Canavan’s ‘Avatar’ and the War of Genres

Just a bit of Gerry Canavan on Avatar and the question of genre, re science fiction

In the beginning Avatar seems to situate itself firmly within this generic mode, with a group of scientists and mercenaries from Earth who have arrived on Pandora in spaceships to study the natives and drill for valuable minerals (not necessarily in that order). But by the end, while Avatar certainly remains an alternative to our empirical environment, it no longer operates as any kind of framework. Neither the biological/ecological systems present on the planet Pandora, nor the ability of our biological structures and technological apparatuses to interface with them, are remotely plausible from the perspective of either evolutionary biology or cognitive science without inventing some sort of massive hidden backstory for the Na’vi that involves incredible prehistoric genetic engineering on the planetary scale—and really not even then. (And of course Fridge Logic just makes it worse.)

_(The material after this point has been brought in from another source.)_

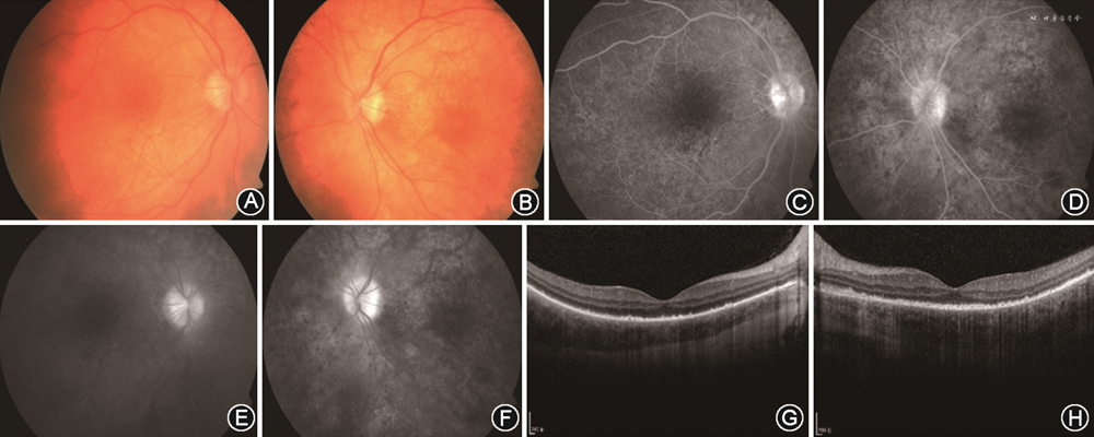 用药1周后复查,因双眼视力、房水闪光及黄斑区神经上皮脱离等症状无明显改善,给予双眼玻璃体腔注射地塞米松缓释剂1次。治疗后1个月双眼视力明显改善,矫正视力右眼为0.9,左眼为0.5;双眼眼压正常;左眼房水闪光消退,双眼视网膜神经上皮脱离完全复位,左眼后极部色素紊乱。根据肿瘤科会诊意见,恢复口服维莫菲尼(480 mg,每日2次)。2个月后双眼视力再次下降,矫正视力右眼为0.8,左眼为0.1;双眼眼压正常;双眼前节正常,右眼眼底无明显异常,左眼后极部神经上皮脱离。左眼球后注射曲安奈德(20 mg)。双眼持续视物模糊,矫正视力右眼为0.5,左眼为0.3;双眼羊脂状角膜后沉着物(++),房水闪光(+),浮游物(+),虹膜局部后粘连,晶状体透明,晚霞样眼底(图4中A和B)。FFA和OCT检查结果均符合VKH综合征晚期表现(图4中C~H)。双眼局部使用醋酸泼尼松龙滴眼液(每日3次)、妥布霉素地塞米松(0.3%妥布霉素,0.1%地塞米松)眼膏(每晚1次)、复方托吡卡胺滴眼液(每日2次)。根据肿瘤科会诊意见,因服用维莫菲尼总时间已近1年,可停止用药。停药后1个月矫正视力右眼为0.8,左眼为0.5;双眼前节炎性反应消退,视网膜神经上皮复位,色素上皮脱色呈晚霞样眼底。

In Suvinian/Freedmanian terms, then, Avatar isn’t really science fiction at all, because the type of imagination involved in its reception isn’t cognition. And by the end of the film any pretense of scientific plausibility or internal logical coherence has been abandoned altogether: telepathy and transmigration of souls are real, MechWarriors pull Bowie knives from their belts, and not even gravity seems to work anymore.

The overall critique here makes sense. As I watched the film I never considered the genre really as science fiction but as straight forward “fantasy” as magic or “faith” is the core logic of the narrative.

3 thoughts on “Canavan’s ‘Avatar’ and the War of Genres

  1. Steve Post author

    Right. Pandora. Hm. Let’s call it Pandora. Can you imagine this discussion in the writer’s room and someone not speaking up and saying, “Hm, excuse me.”

  2. Andreas

    Its probably because Cameron got many ideas from a Frank Herbert novel .. look at this:

    “The surface of the planet Pandora is 80% seas in which lives a type of kelp which appears to be sentient. The land is populated by a number of predators who are efficient killers requiring people on the planet surface to adapt to a highly stressful lifestyle living within a fortress. The main fortress is known as Colony, a small city that is predominately underground.

    The planet Pandora itself with its non-human inhabitants is another main character of the book, echoing a strong version of the Gaia Hypothesis. As the book progresses, the reader discovers that the kelp, the hylighters, and other creatures of the planet appear to be linked into a large entity with a shared consciousness, Avata.”